And up next, while the president is on vacation, the administration makes a big announcement about ObamaCare. I'll ask a senior White House official if there could be a catch.

Plus, an eye-popping New Year's light show in a city that likes to do things big.

(COMMERCIAL BREAK)

BASH: Just in to CNN, a new record for a new year. We just learned that this amazing fireworks display made it into the "Guinness Book of World Records." The City of Dubai -- that was their goal, in the United Arab Emirates -- to set off 400,000 fireworks over a six minute period. That beat the old record for the largest fireworks display by quite a lot. It was set last year, when Kuwait exploded 77,000 fireworks over an hour.

And in these final hours of 2013, we have updated numbers on ObamaCare enrollment. The administration says more than two million people will have insurance -- excuse me, health insurance under the program at the start of the new year, through federal and through state exchanges. But we don't know yet how many of those actually have paid for their premiums.

The president and his signature health care law both face many, many challenges in 2014.

CNN's Athena Jones is with the president in the enviable assignment of Hawaii -- Athena, looking beautiful out there.

Let us know what the latest is, particularly with the president's legacy, ObamaCare.

ATHENA JONES, CNN CORRESPONDENT: Good afternoon, Dana.

Well, the president and his family are spending today snorkeling, ending the year on a fun note.

But almost everyone agrees that 2013 was not a good year for President Obama. And with 2014 right around the corner, the question is whether it will be any better.

(BEGIN VIDEOTAPE)

JONES (voice-over): Golf, basketball, trips to the beach and crowd pleasing dinners out -- a Christmas vacation spent winding down after a government shutdown, surveillance scandals and a rocky HealthCare.gov rollout made 2013 a year the president might like to forget.

There is some good news on the health care front to end the year. More than two million people have enrolled in the federal and state- run insurance exchanges. This as Obama rings in a new year with high hopes of tackling a string of other important issues on his agenda.
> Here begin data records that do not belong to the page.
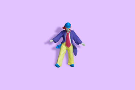 Miniature people toy figure photography. Full body of a clown wearing huge tie and suit. Isolate on purple background. Image photo
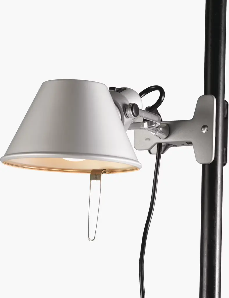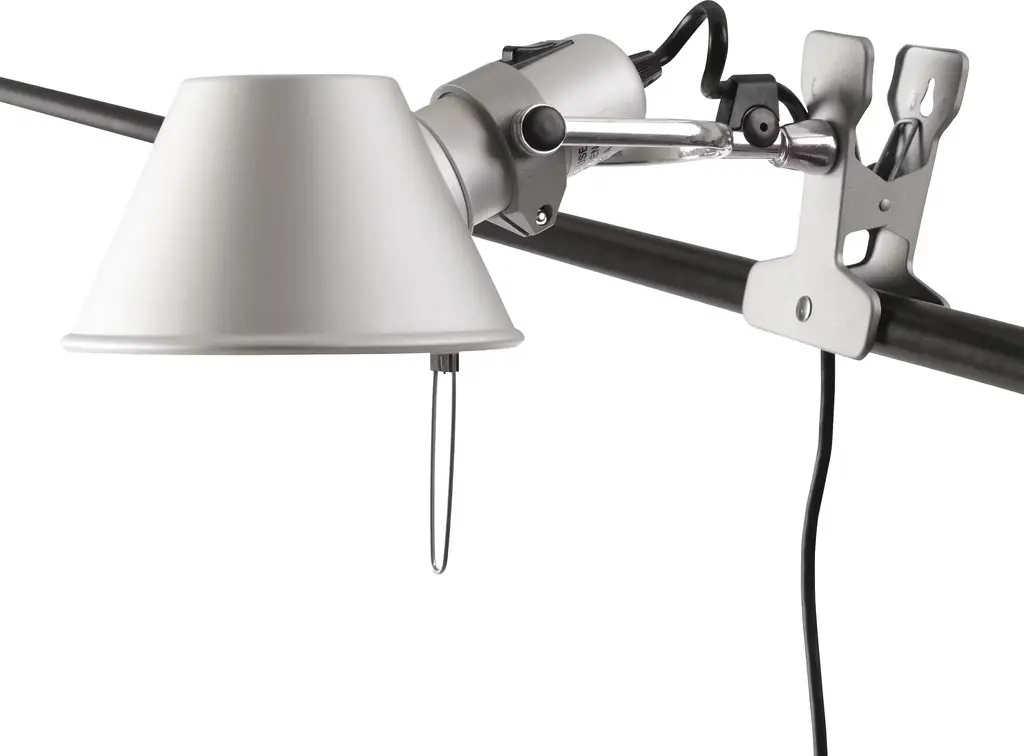 Rather than develop his career within a single design discipline - be it industrial, furniture, interior, lighting or architectural design - Michele De Lucchi chose to move freely among them all, creating door pulls for Valli Colombo, laptops for Olivetti and tape dispensers for Pelikan while designing banks in Germany and apartment buildings in Japan. His Tolomeo Lamp (1987), designed in collaboration with Artemide's R&D department head Giancarlo Fassina, was honored with the Compasso d'Oro Award in 1989, earning worldwide recognition for its perfect marriage of design and engineering. Since then, the Tolomeo Collection has grown to include an assortment of sizes and styles. Able to be positioned anywhere indirect or direct lighting is needed, the Clip Spot is suitable for shelf, pipe or table mounting. The on-off switch is incorporated in the lamp holder, and the aluminum diffuser swivels 360 degrees. Bulb (not included): incandescent 100W/E26/A19. UL Listed. Made in Hungary.
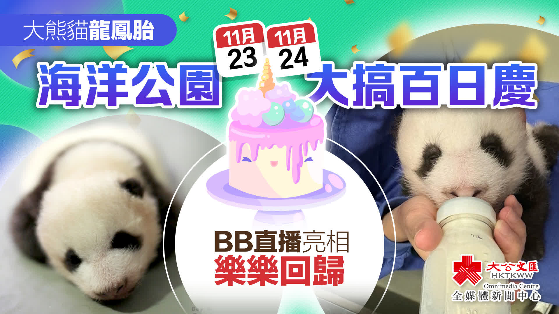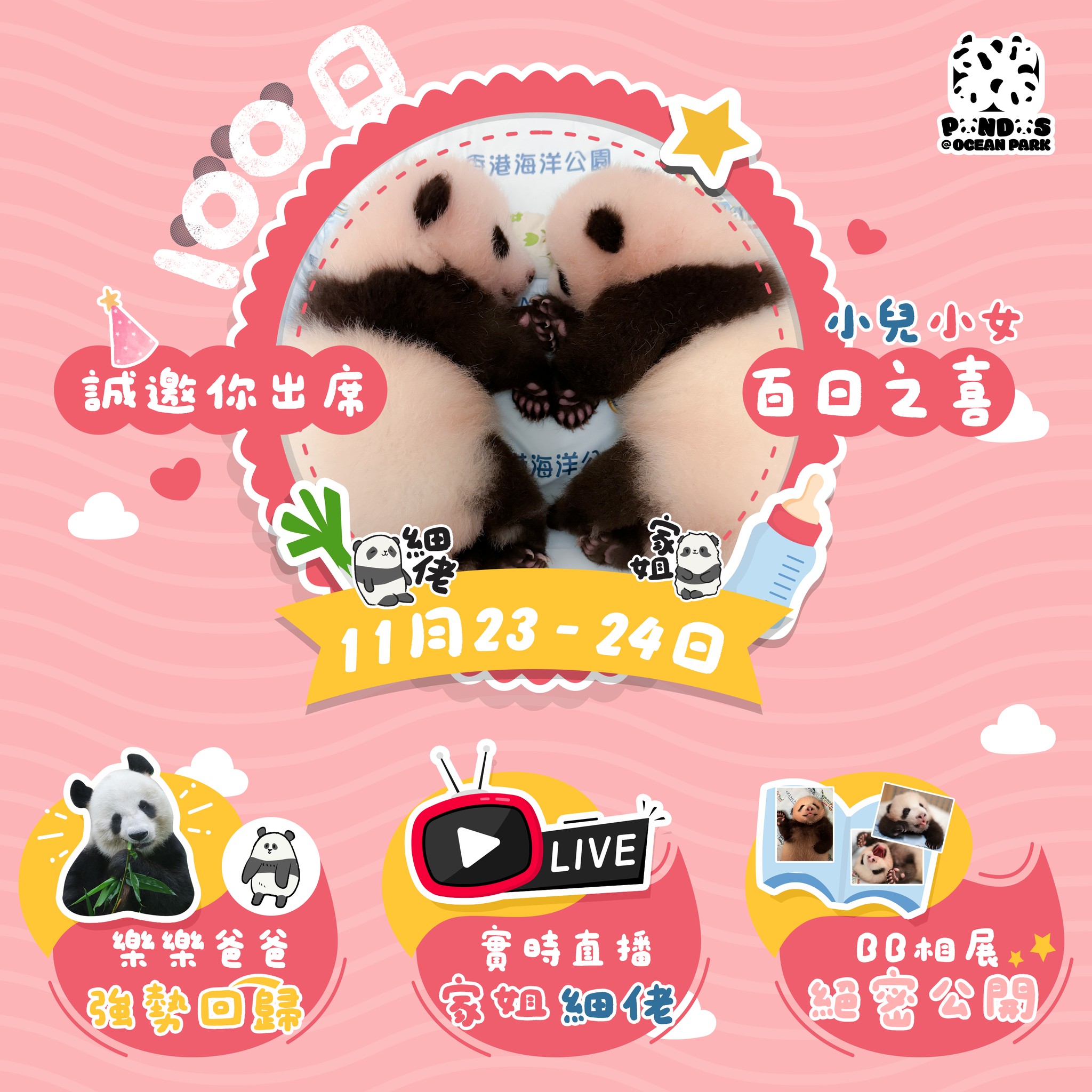 大公文匯全媒體報道,家姐細佬出生要滿百日喇!為了慶祝大熊貓龍鳳胎出生100天,海洋公園宣布將在11月23日至24日全園大搞百日慶,推出一系列大熊貓主題的驚喜活動!

BARACK OBAMA, PRESIDENT OF THE UNITED STATES: I firmly believe that 2014 can be a breakthrough year for America.

JONES: From growing the economy and creating jobs, to raising the minimum wage.

OBAMA: We've got work to do to create more good jobs, to help more Americans earn the skills and education they need to do those jobs, and to make sure that those jobs offer the wages and benefits that let families build a little bit of financial security.

JONES: And pushing an immigration overhaul through a divided Congress.

OBAMA: And we still have the task of finishing the fix on our broken immigration system.

JONES: At home, a raging debate about privacy and a stalled effort on gun control.

On the international front, issues like the war in Syria and negotiations over Iran's nuclear program will continue to consume the president's time.

But just how much can get done in 2014 will depend a great deal on Congress.

OBAMA: It's probably too early to declare an outbreak of bipartisanship, but it's also fair to say that we're not condemned to endless gridlock. There are areas where we can work together.

(END VIDEO TAPE)

JONES: And the first item the president wants Congress to tackle in the new year, extending unemployment benefits to the more than one million people who have lost them. He'll lay out the rest of his 2014 agenda on January 28th in the State of the Union Address -- Dana.

BASH: Athena Jones, thank you very much.

And joining me now from the White House is White House senior adviser, Phil Schiliro.

Now, Phil, the big news today is the two million number, signed up. But I want to talk about the more immediate deadline, and that is tomorrow, on January 1st. That is the day that those who signed up and enrolled by Christmas Eve are expecting to have actual insurance coverage.

Can you guarantee that the people who think that they are going to have coverage will actually have it?

PHIL SCHILIRO, WHITE HOUSE SENIOR ADVISER: I'm going to answer that question, Dana, but we can't gloss over today's number. That -- today is just such an unqualified good day, that 2.1 million Americans have signed onto the exchange, not because they had to. Penalties don't kick in until next year. They signed on because they wanted insurance.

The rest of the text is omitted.